This book’s reputation precedes it. I had heard all about it and how very popular it was (there was a significant waiting list and both branches of my local library), as well as the controversy it helped fuel with William Bennett. I must admit that I was somewhat suspicious at the marketing: the insistence that Levitt is a “rogue” economist (re: the subtitle), and a similar theme throughout the introduction, namely that Levitt may be young (relative to his profession), but golly, he sure is smart. And unorthodox!
In short, Levitt’s publishers were doing their damnedest to make the book appear subversive and controversial. I am loathe to believe marketing hype, but given that a chapter is devoted to the effects of legalized abortion on crime rate, I expected the book to be at least somewhat inflammatory.
Mostly, it’s not. At least in the sense that doesn’t make any other assertions that are as, erm, dramatic as the aforementioned; however, the book is dedicated to deconstructing certain myths about crime and parenting, as well as explaining just how to make those assertions based on data and regression charts.

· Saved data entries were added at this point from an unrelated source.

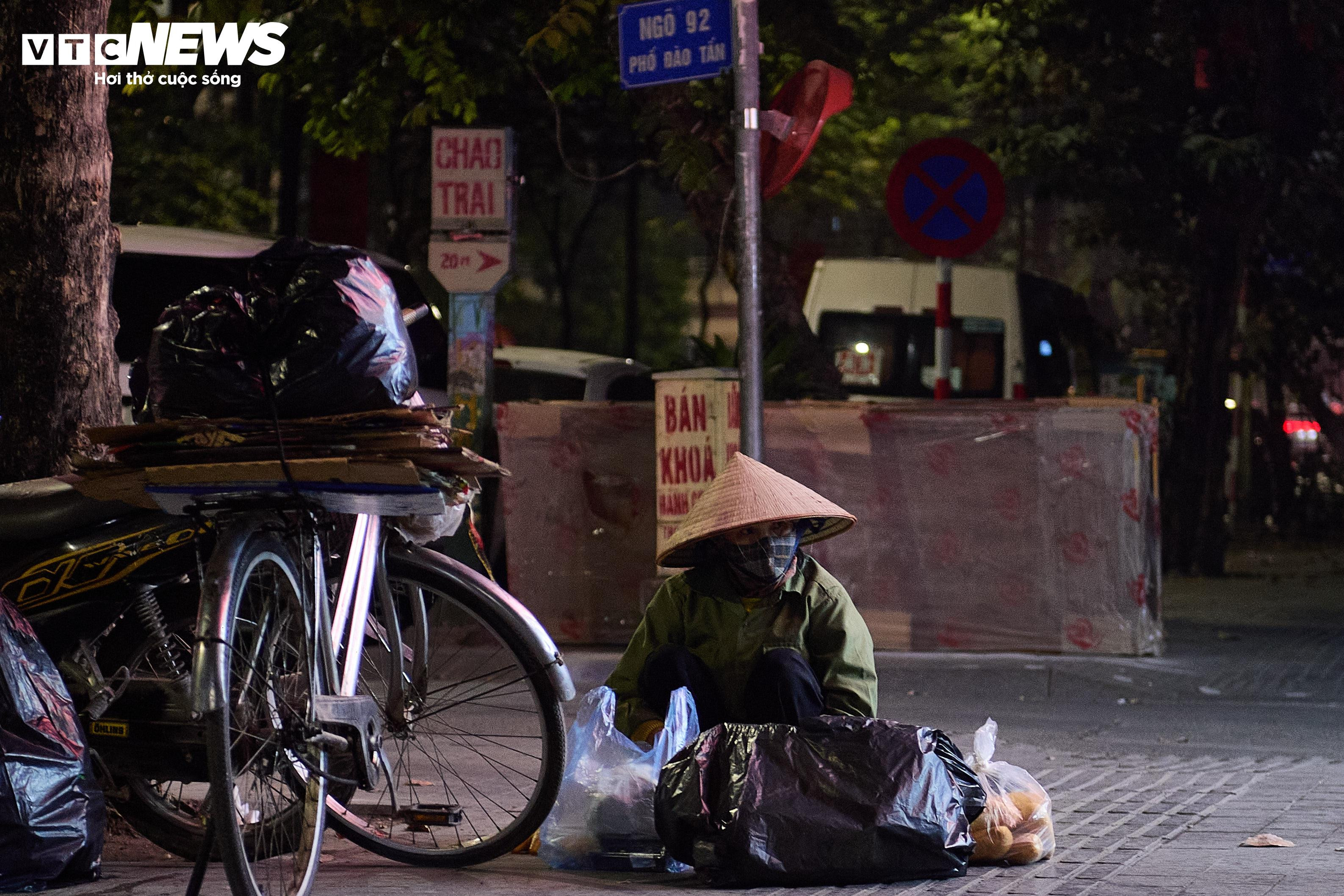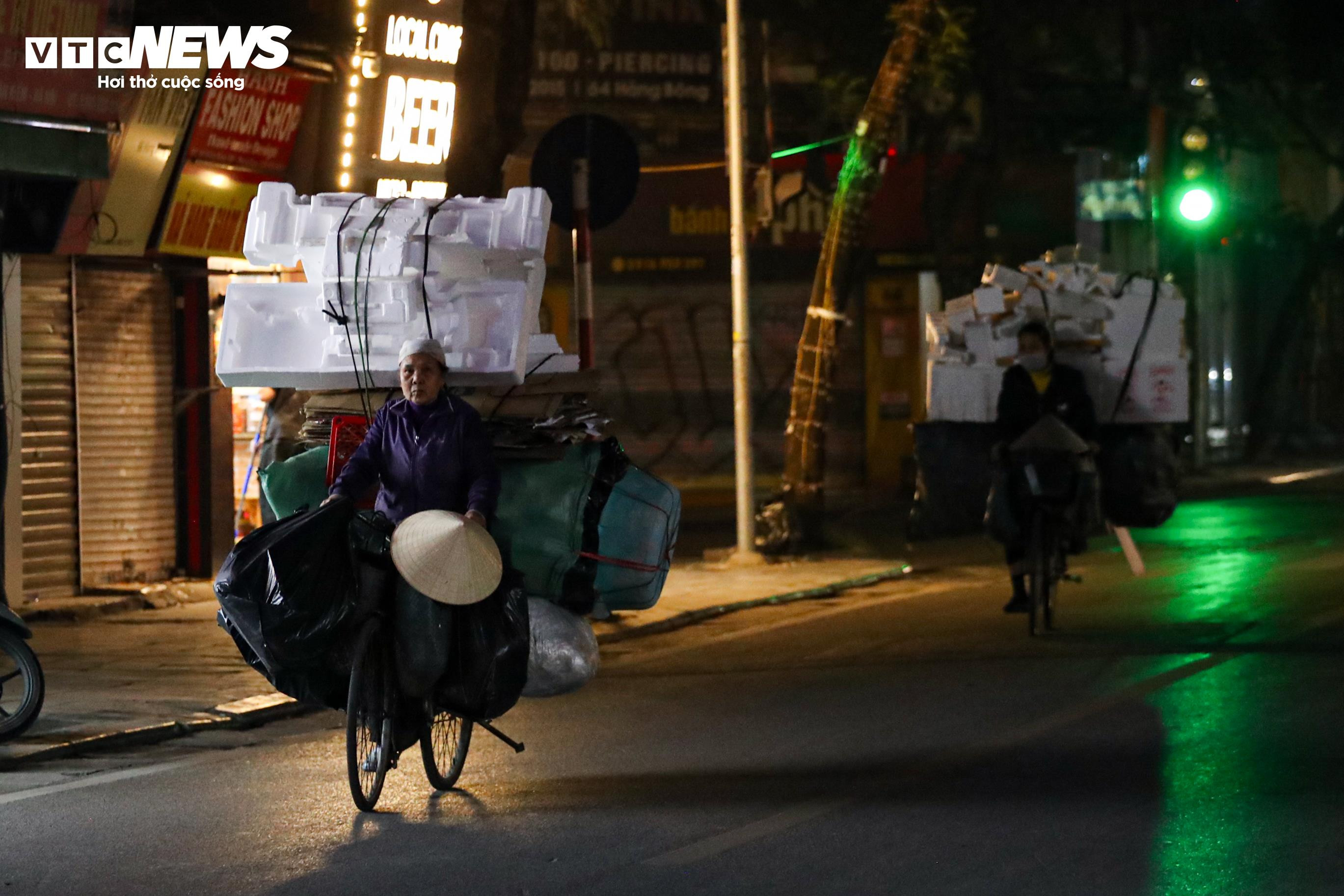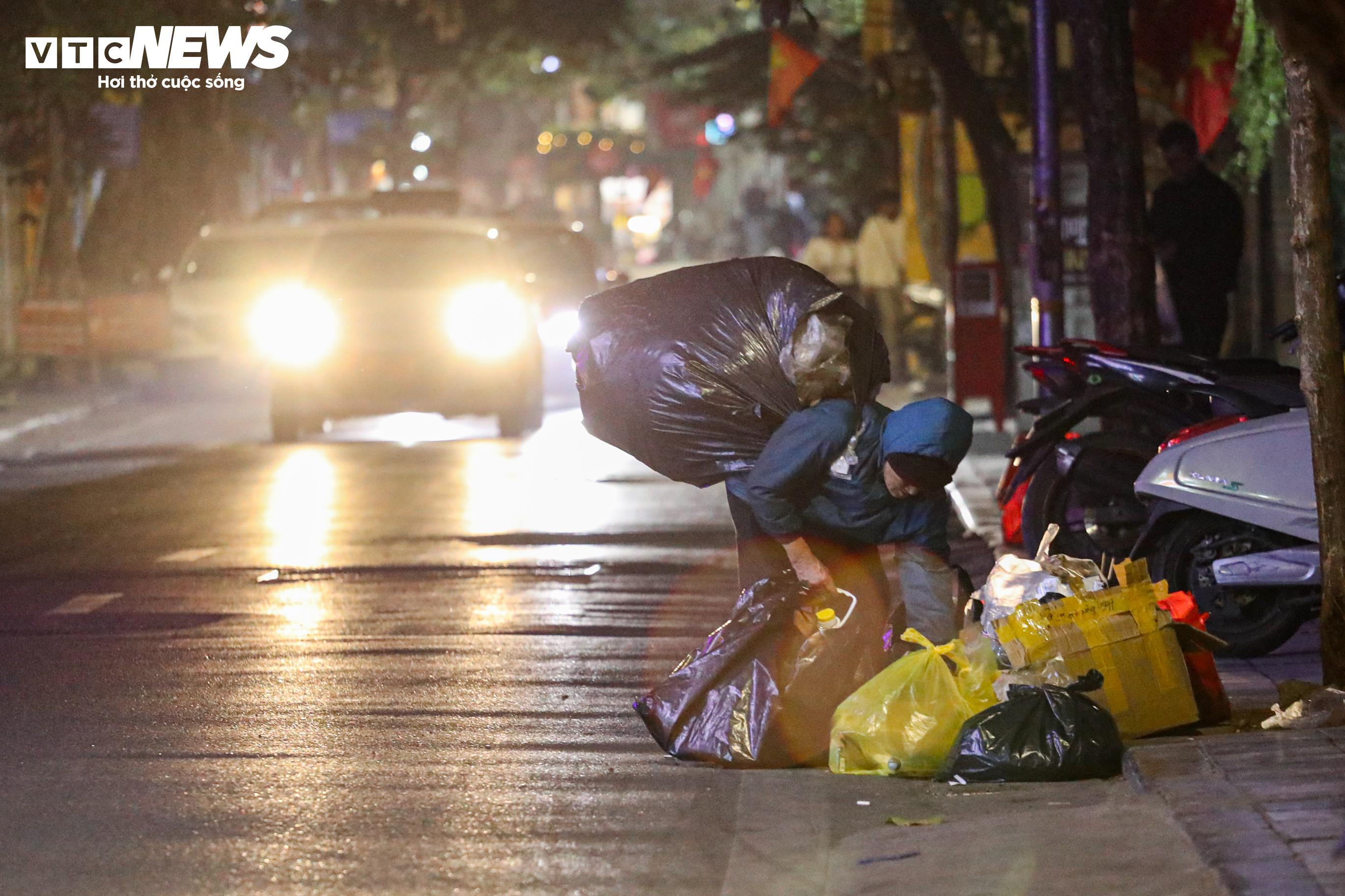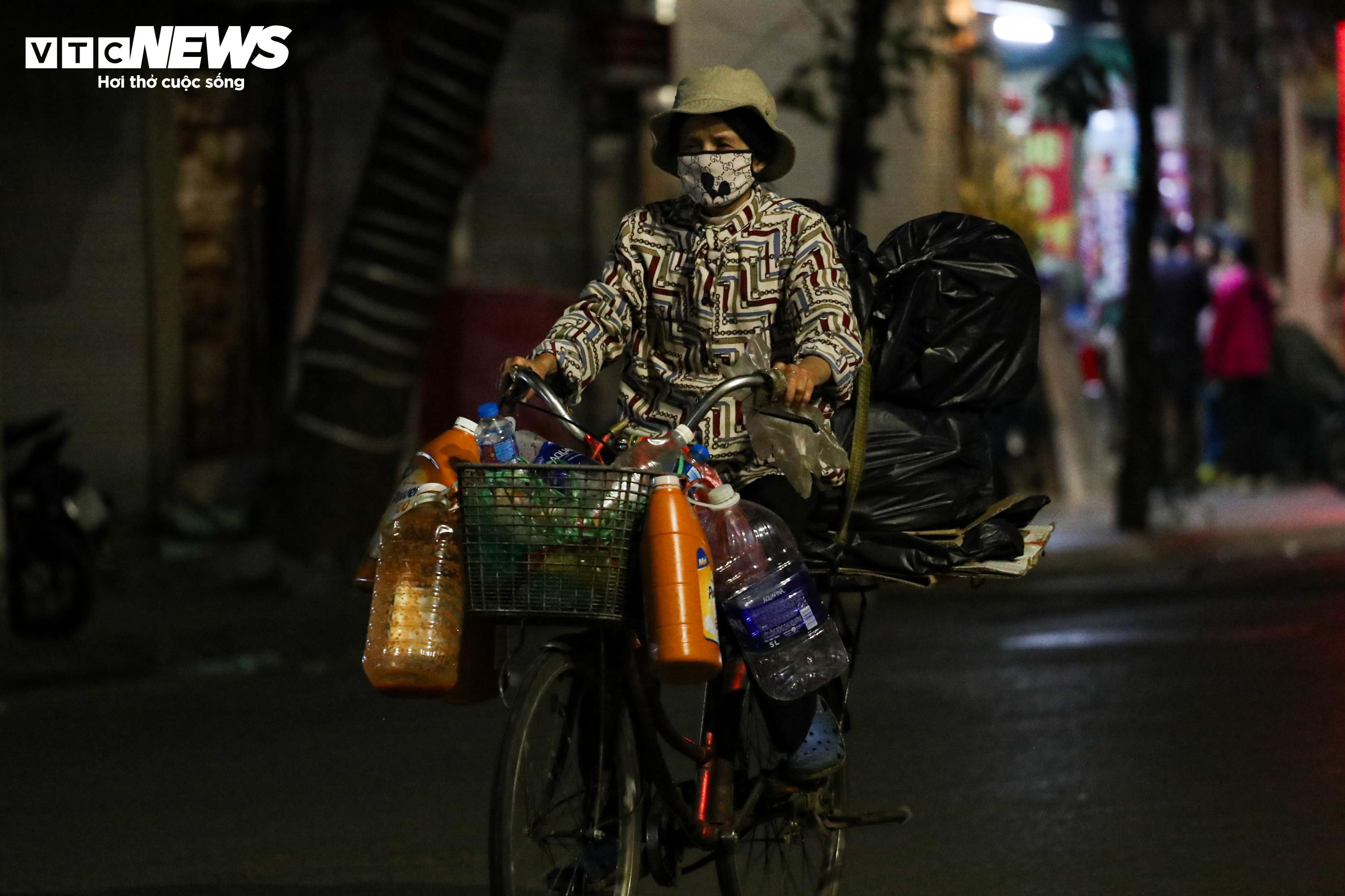 Những người thu gom phế liệu, ve chai tranh thủ lượm lặt từng món đồ bỏ lại trên phố.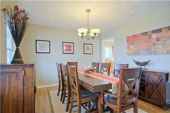 Beautiful two-story traditional in Blacksburg's Northside Park. Entry foyer allows you to welcome guests; large dining room has views of the mountains in the distance. Hardwood floors throughout the main level, with a floor-to-ceiling stone-faced fireplace (woodburning), and large windows overlooking the 1/2 acre yard. Large kitchen with granite counters and peninsula - plenty of cabinets and counter space, and all stainless steel appliances convey. All four bedrooms - and laundry - located on the second floor. Master suite is 252-sf, complete with tray ceiling, as well as a remodeled master b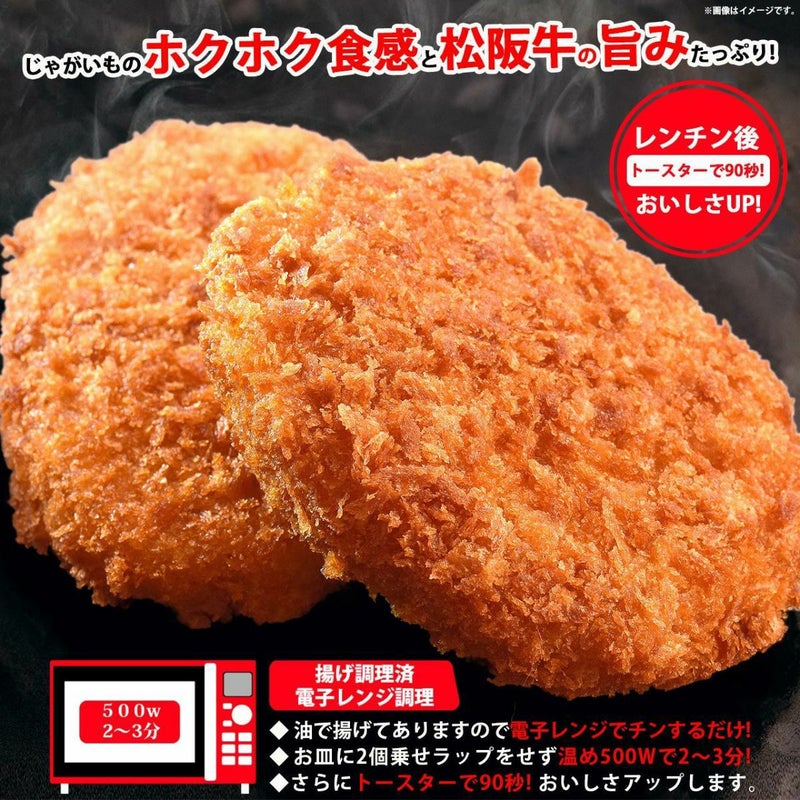 和牛の中の最高峰「松阪牛」特有の上質な旨み甘みを 感じられると共に じゃがいものホクホクとした食感が たまらないサクうまっ!コロッケです。 油で揚げてあり調理済みなので揚げる手間が不要で電子レンジ(500W) で2~3分チンするだけ簡単!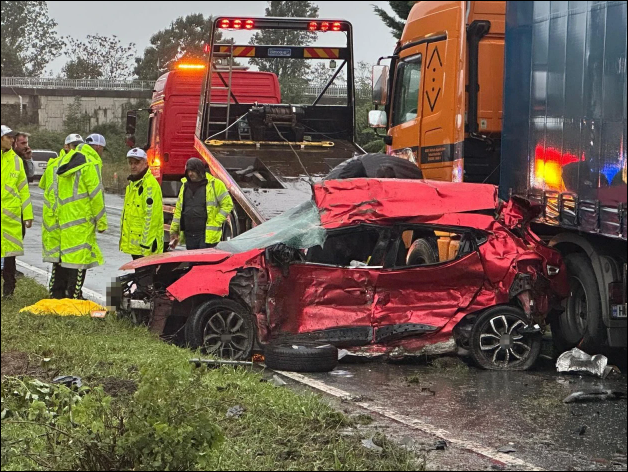 Edinilen bilgiye göre otomobil, Rize istikametinden Çayeli yönüne seyir halindeyken karşı yönden gelen Gürcistan plakalı tırın dorsesine çarparak altında kaldı.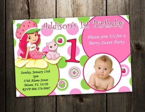 Strawberry Shortcakes 1st Birthday Invitation Free

Levitt’s prose reminds me a lot of Brian Greene’s (and his appearance reminds me of Bob Saget) in that he’s tackling esotery with language that’s almost condescendingly simple: he feels the need to reiterate in simpler terms things that his readers should already know or remember from earlier in the book.
That being said, I found the book interesting, if not entirely convincing. Here’s Levitt’s basic argumentative tactic.
- State convention wisdom
- Cite (often single) study
- Reject conventional wisdom and solidly propose its opposite
Now, I’m no economist, but that seems awfully impulsive to me.
Still, as fodder for further exploration and argument, Freakonomics delivers on its promise: namely, it explores the hidden side of things. Recommended.